It's really hit or miss, but in my experience, it helped dramatically. The premise is basically that if your ISP or some intermediate service (ie Akamai's DDoS protection) is screwing with how traffic is routed to the servers, causing your ping to be abnormally high, a VPN can potentially force your traffic to take a more optimal route to the servers.
A VPN will only help if your ping is in any way affected by sub-optimal routing, and only if the impact is high enough. If your ISP has good routing, or you're not affected by intermediate services screwing with traffic routing, a VPN will not help, and may in fact hurt your ping as it's introducing another point of failure. If the impact isn't that high (ie your ISP has decent routing that could be better, but doesn't hurt your ping that much), you may find your ping being slightly higher due to the added overhead of the VPN.
In my experience, though, it helped a ton. From around October last year until September/October this year, Oceanic users were pushed into a new Akamai data center located in Singapore, which added 100+ms onto our ping. A lot of users found success in using VPN's such as WTFast, ExitLag, or Mudfish, which would bypass the Singapore data center, and drop our traffic off directly in the US, which shaved most of the added ping off.

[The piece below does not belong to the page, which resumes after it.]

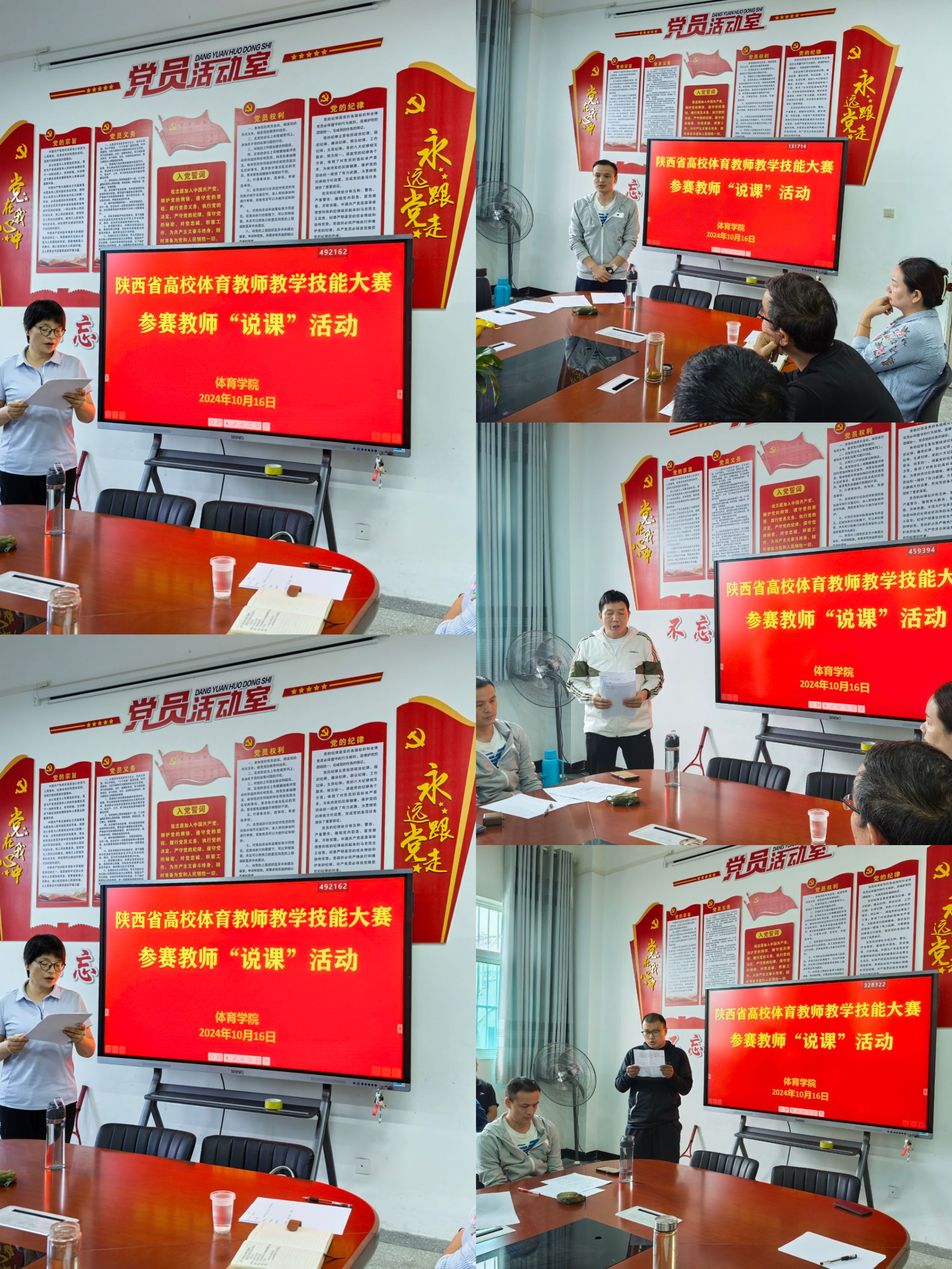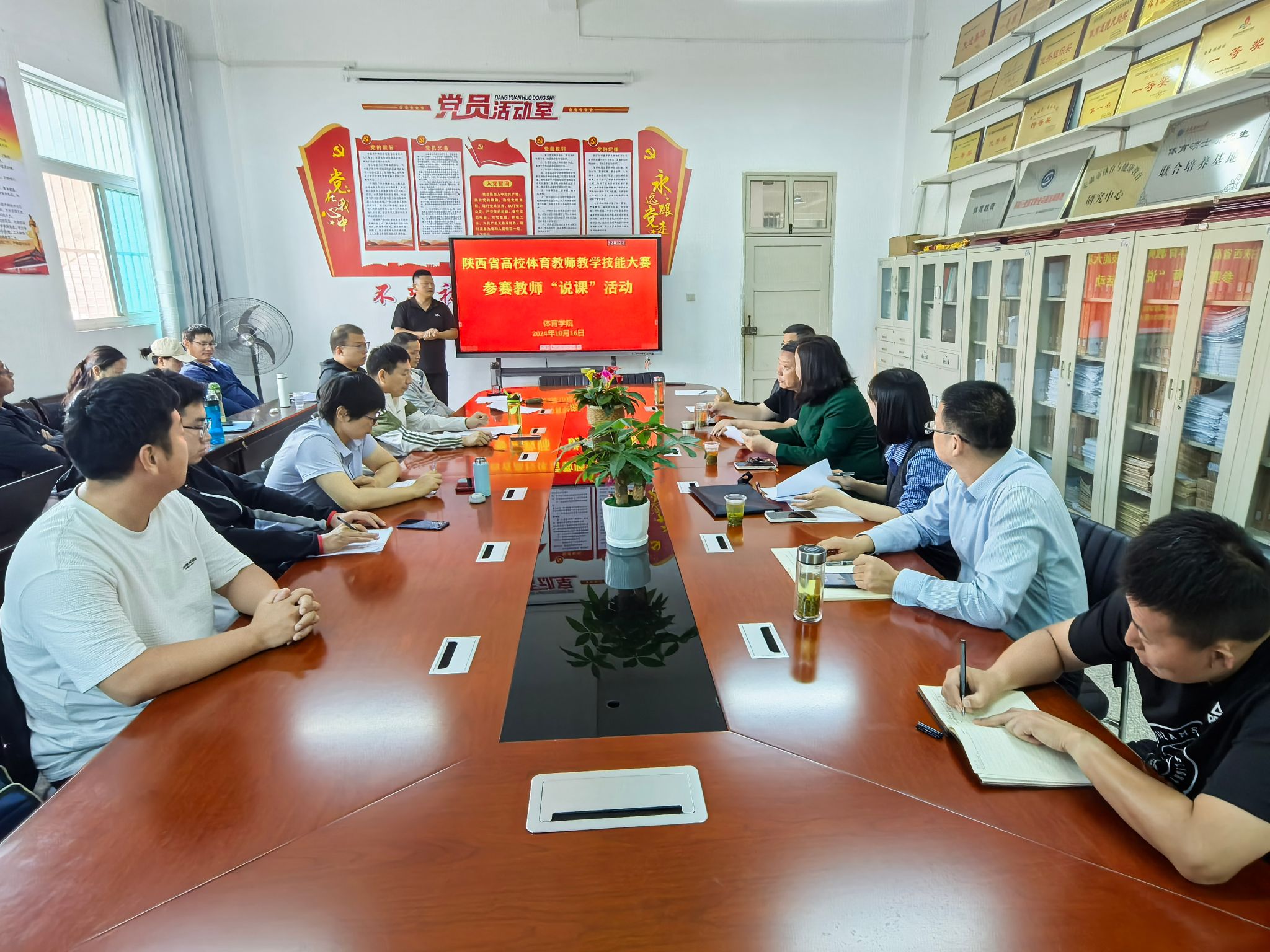 10月16日下午,太阳成集团tyc234cc为备战陕西省高校体育教师教学技能大赛,特举办“说课”磨课活动。活动邀请了文学与传媒公司的邸玲老师及太阳成集团tyc234cc吕仙利、冯德学、鲁宗成、李靖等多位专家进行现场指导。

This was really hit or miss, though, as some users didn't find much success in using these VPN's, and a few even found that it increased their ping. Generally, though, it did seem to help most users, and it certainly helped me.
nafensoriel wrote: »Do a traceroute to the server.
If the route looks really wonky then a VPN might help.
If the route is very logical it probably wont.
To define a wonky route there was a really bad problem with ISPs in the city of Calgary in Canada where they would get routed through Chicago to communicate with California. In this case, a VPN drastically reduced latency because it halved the distance to communicate.
From NZ to EU you are going to not get much better than 320-350 ms due to distance. However a VPN can help with routing stability so might actually cut a little bit off your ping.
It's definitely worth a try, but don't expect a great drop, especially if your routing with your ISP is already optimal or close to it.
Also to consider is the direction of your routing. If you are being routed through Asia to Europe then congestion could be an issue,. if so then using a VPN node in the USA could enforce the route across the pacific where there is less traffic.
Good luck. I would be interested in your results.